NOTÍCIA

Edição 274

Criatividade: as respostas que dávamos já não servem mais

Acredita-se que todos têm a capacidade de ser criativos, pois se nasce com potencial para criatividade, que é a habilidade de imaginar e criar ideias originais

Publicado em 19/04/2023

por Karen Cardial

criatividade Lúcia Hiratsuka, escritora e ilustradora: "ser criativo é um processo" (Foto: Freepik)

O Dia Mundial da Criatividade e Inovação criado pela ONU e comemorado em 21 de abril, sobre a importância da criatividade e da inovação na solução de problemas, visa o avanço das metas globais. A ação teve apoio de 80 países, cientes de que tais questões não seriam resolvidas com as estratégias do passado, com as formas que pensávamos até então. “A gente tem uma série de elementos ao nosso redor que mostram que não podemos continuar respondendo às coisas da mesma forma. Precisamos trabalhar com nossos estudantes para que sejam capazes de pensar de uma forma mais criativa”, explica Luciane Bonamigo Valls, psicóloga pela Universidade Federal do Rio Grande do Sul (UFRGS) e mestre em Criatividade pela State University of New York (Buffalo/NY).

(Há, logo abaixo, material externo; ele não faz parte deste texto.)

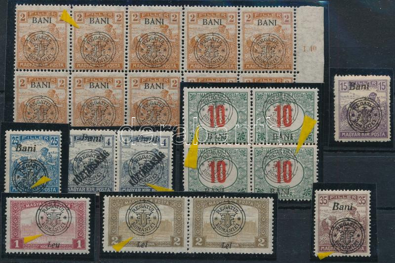 1919 Kolozsvár és Nagyvárad megszállási bélyegek "hurkás kör" lemezhibával stecklapon, Bodor vizsgálójellel
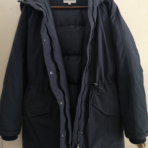 Hyväkuntoinen Hampton Republic-takki, jossa ihana valkoinen karva. Tuulenkestävä. Ainoa "vika" on toisesta narusta puuttuva nahkasolki ja yhden napin puuttuminen alimmassa rivissä mutta ei haittaa mitenkään käyttöä.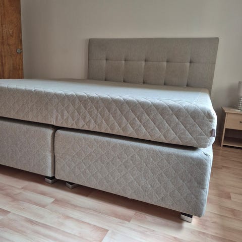 KungSängen säng i grått tyg. Påkostad för 8 år sedan (24.000kr) ena sidan mjukare andra sidan mer fast.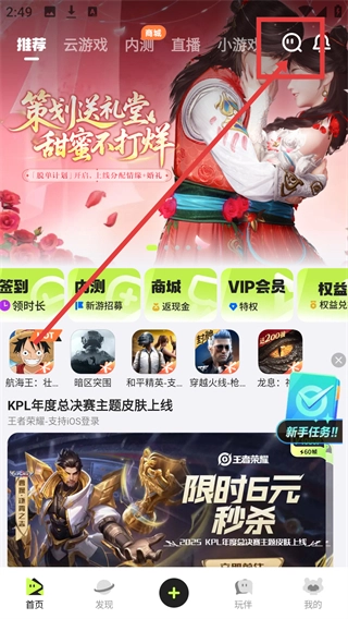 在腾讯先锋首页,点击右上角的聊天图标,就能进入搜索页面,开始查找游戏了。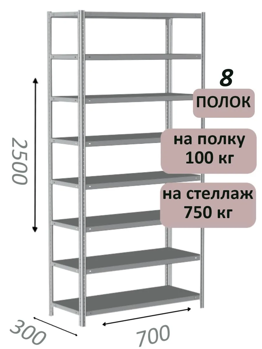 Стеллаж металлический полочный МС 2500х700х300, 8 полок, 100 кг на полку, светло-серый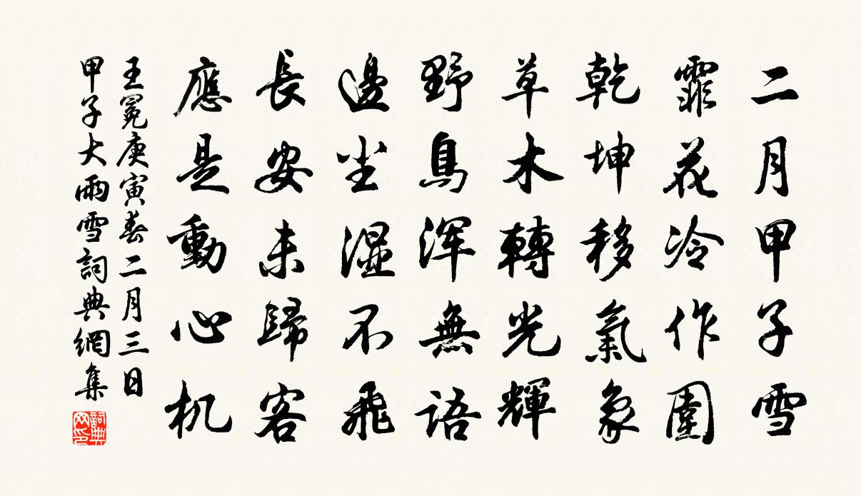 王冕庚寅春二月三日甲子大雨雪書法欣賞

Hoje, acredita-se que todos têm a capacidade de ser criativos, pois se nasce com potencial para criatividade, que é a habilidade de imaginar e criar ideias originais. “A imaginação já vem de fábrica na espécie humana. É a capacidade de imaginar o que nos diferencia das demais espécies. Essa necessidade de resgatar a nossa criatividade é um convite da vida a voltarmos a ser humanos”, afirma Murilo Gun, graduado em administração de empresas e com MBA em Gestão de Negócios, artista e professor de criatividade. 

 

Leia: Como podemos fortalecer a criatividade de nossos estudantes?

 

Autora do livro Criatividade Contagiante – Como a escola pode nutrir o pensamento criativo, Valls explica que nosso cérebro possui capacidade associativa, faz relações e combina o repertório que já temos de experiências, informações e habilidades, gerando novas possibilidades. “O ponto está na forma como a criatividade vai se desenvolver e como vamos explorar o nosso potencial, pois depende de fatores como o estímulo da família, da escola e da sociedade, do quanto isso é desejado, estimulado e permitido”, enfatiza.

Lúcia Hiratsuka

Lúcia Hiratsuka afirma que a arte nos abre para experimentações e estimula a criar (Foto: divulgação)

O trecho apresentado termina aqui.